Types of borrowing
There are different ways you can borrow money for the short to medium term, each with their own pros and cons. Make sure you choose the most suitable for you. These can be:
- bank overdraft;
- personal loans;
- credit cards, store cards and in-store finance;
- hire purchase; or
- other borrowing.
We cover mortgages in a separate section – see Mortgages.
When you apply to borrow money in any of these ways, you’ll usually be asked to complete an application form. Your answers help the lender to predict how big a risk they're taking by lending you money. This is called a credit score – see Credit scoring.
You’ll be charged interest on what you borrow, usually monthly. The interest rate varies depending on the type of loan. You can use the APR (Annual Percentage Rate of charge) to help you shop around for the best deal. APR tells you the cost of the loan taking into account the interest on the loan and other charges.
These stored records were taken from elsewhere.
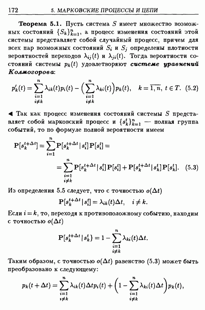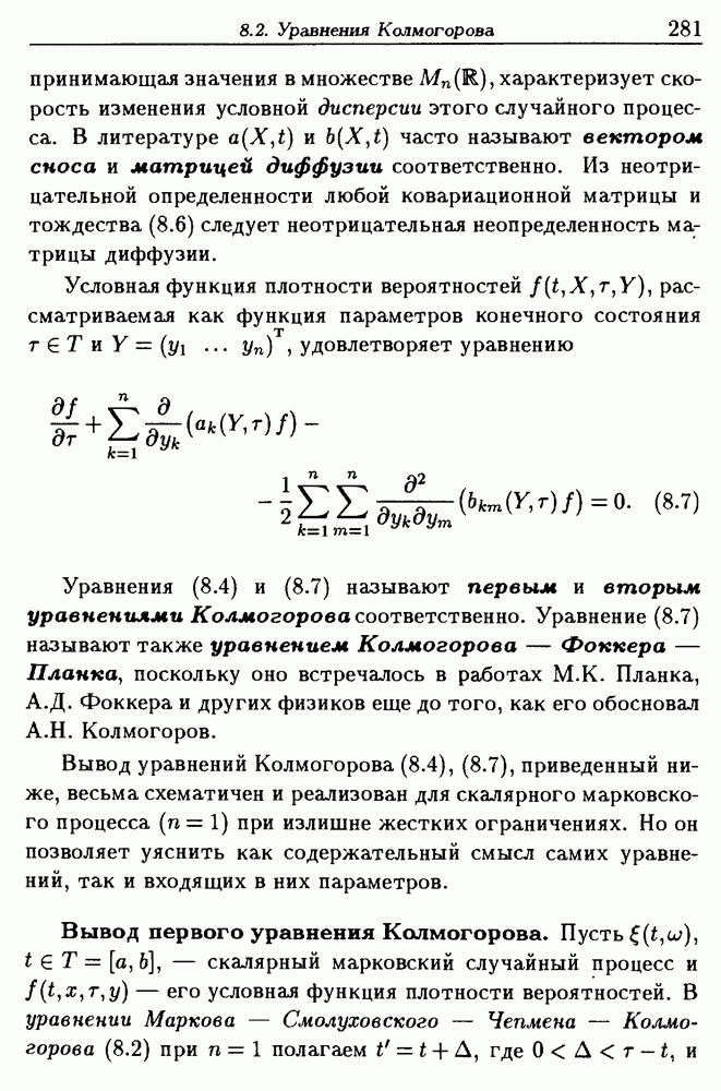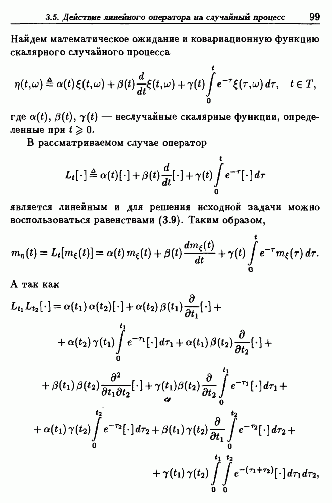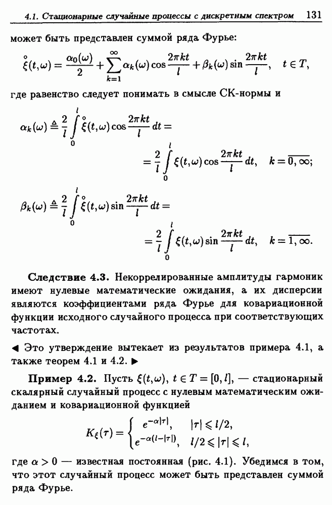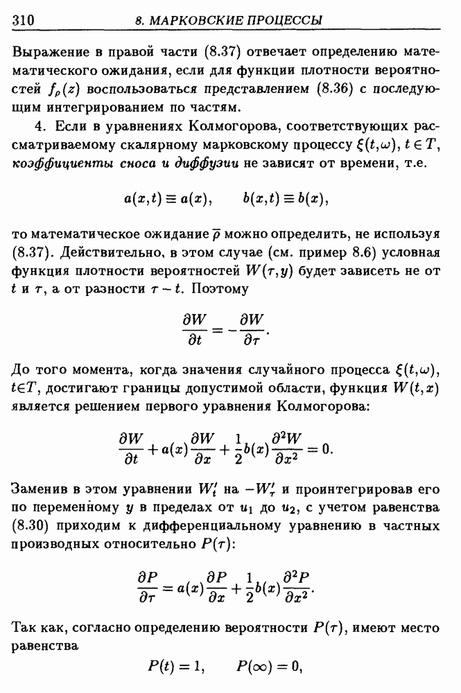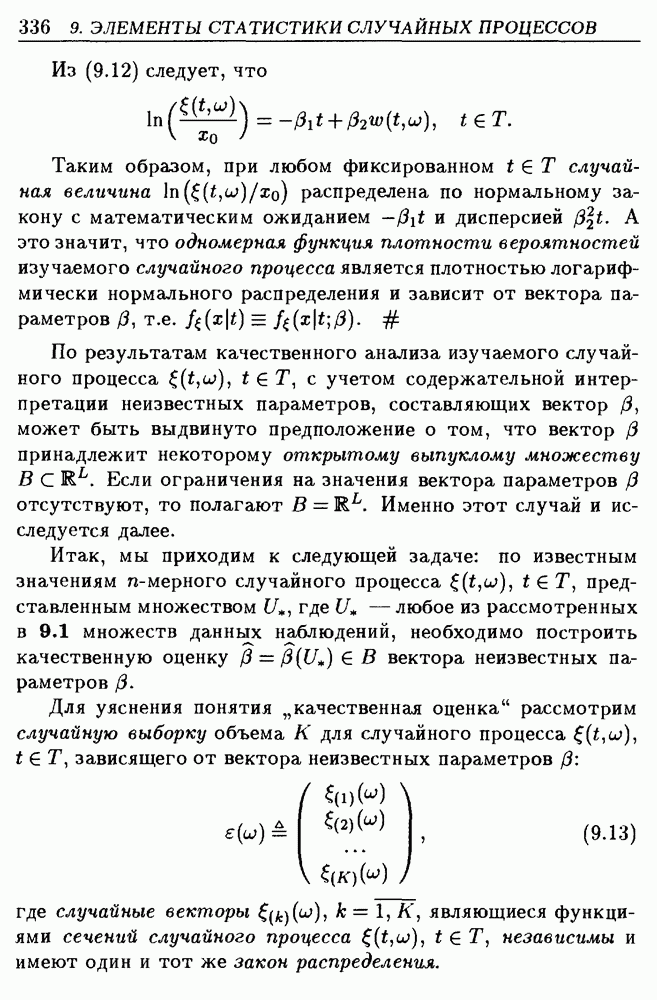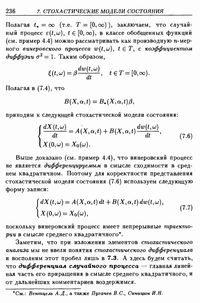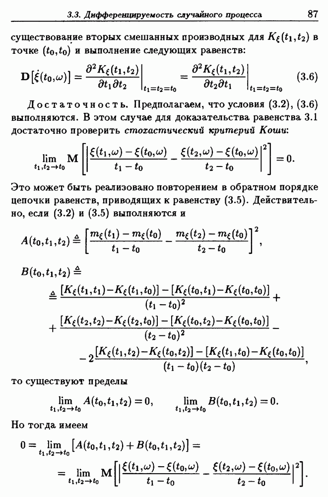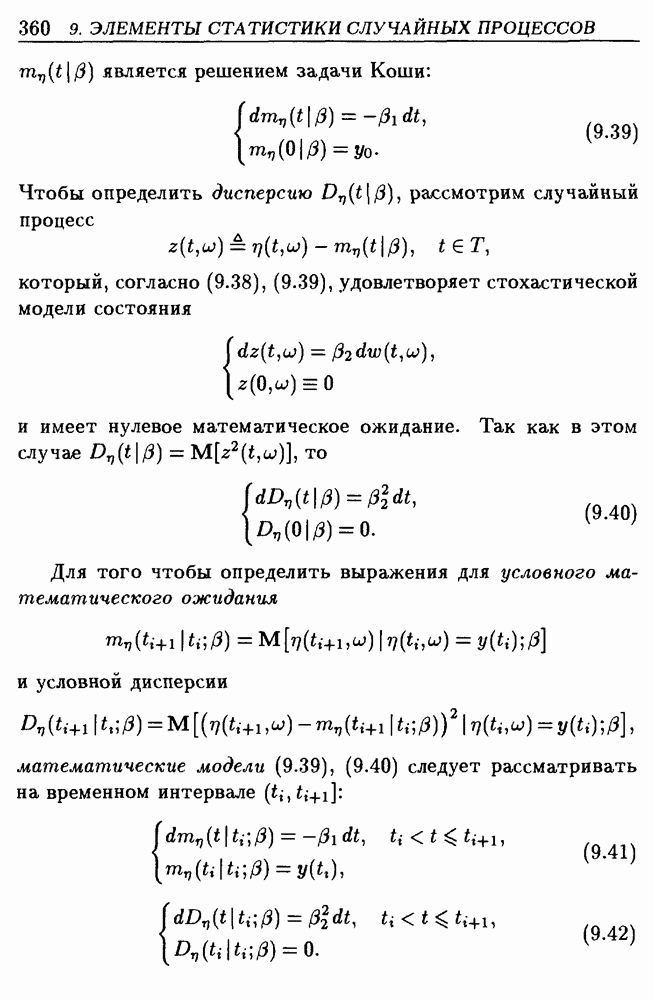 ВВЕДЕНИЕСодержание выпуска относится к одному из специальных курсов высшей математики, который является составной частью теории вероятностей. В процессе развития теории вероятностей как науки можно условно выделить три этапа, первый из которых связан с понятием случайного события, второй — с понятием случайной величины, а третий — с понятием случайной функции. При этом начало первого этапа относится к середине XVII в., второго — к середине XIX в., а третьего — к 20-30 гг. XX в., и начало каждого следующего этапа, в принципе, не связано с завершением предыдущего. Теория случайных процессов возникла вследствие практической необходимости математического моделирования реальных процессов различной природы, состояние каждого из которых в любой фиксированный момент времени представляет собой случайный вектор соответствующей размерности. Примером случайного процесса является процесс изменения во времени пространственных координат частицы, совершающей броуновское движение. Другими примерами случайных процессов являются: процесс стабилизации полета самолета в реальных условиях, когда он находится под постоянным воздействием случайных изменений вектора скорости ветра и других параметров турбулентной атмосферы; процесс развития неоднородной популяции с несколькими типами индивидуумов; процессы спроса и предложения на рынке товаров и т.д. Фактически теория случайных процессов занимается изучением различных семейств случайных величин, эволюционирующих во времени. При этом логически корректное определение основных понятий теории случайных процессов в рамках аксиоматики теории вероятностей создавало и создает много трудностей теоретико-множественного характера. Они связаны, например, с определениями непрерывности, дифференцируемости, интегрируемости и других свойств случайных процессов. Именно поэтому в монографиях по теории случайных процессов значительное место занимает анализ развития теоретикомножественных конструкций. Они написаны на высоком теоретическом уровне и, как правило, сложны для понимания специалистов, занимающихся прикладными проблемами в различных областях человеческой деятельности, решение которых предполагает широкое использование методов теории случайных процессов. А так как литература по прикладным аспектам теории случайных процессов, доступная для понимания широкому кругу студентов, аспирантов и научных работников, имеющих математическую подготовку в объеме стандартного курса высшей математики, весьма немногочисленна, то возникла необходимость в написании этой книги. Основной целью написания предлагаемого учебника явилось систематическое изложение элементов теории случайных процессов, усвоение которых должно способствовать активному овладению ее прикладными методами при решении практических задач. Различный уровень общей математической подготовки читателей и разнообразие их запросов авторы попытались учесть компоновкой материала по разделам с возрастающими уровнями сложности. Все основные понятия и методы иллюстрированы примерами, а в конце каждой главы приведены контрольные вопросы и упражнения. Отметим, что учебник не содержит библиографии по теории случайных процессов и ее приложениям. В списке рекомендуемой литературы указаны лишь те источники, обращение к ко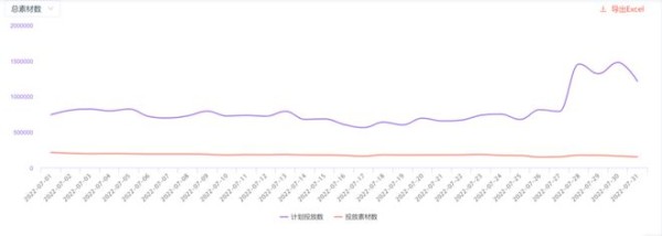 从具体数字来看,7月份投放情况实现了指数级增长,日均投放素材数为246,673组,与6月份的183,140组相比增长了34.7%,保持了暑期游戏投放的热度。尤其是《暗黑破坏神:不朽》、《英雄联盟电竞经理》和《奥比岛》等游戏的上线,进一步推动了游戏市场的良性发展。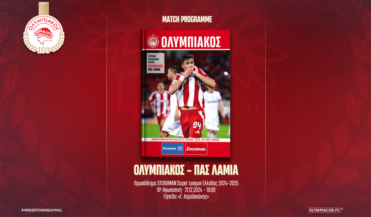 Διαβάστε το Match Programme της αναμέτρησης Ολυμπιακός – Λαμία για τη 16η αγωνιστική της Stoiximan Super League.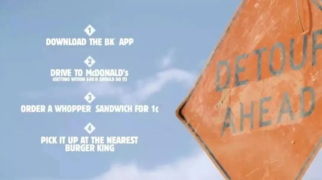 2019年初,汉堡王推出了1分钱汉堡的营销活动,消费者到麦当劳附近不到600英尺范围内下载汉堡王APP,然后通过汉堡王APP导航到附近的汉堡王门店取餐。

All lenders have to tell you what their APR is – see What is APR?
You may be offered insurance for example, Payment Protection Insurance (PPI), to help cover your monthly repayments on loans, credit/store cards or catalogue payments if you are unable to work – see PPI.
Top tips
- Think about whether you can afford the repayments from your household budget.
- Don't sign until you’ve considered all the options.
- Check you understand how the loan works and what could happen if things go wrong.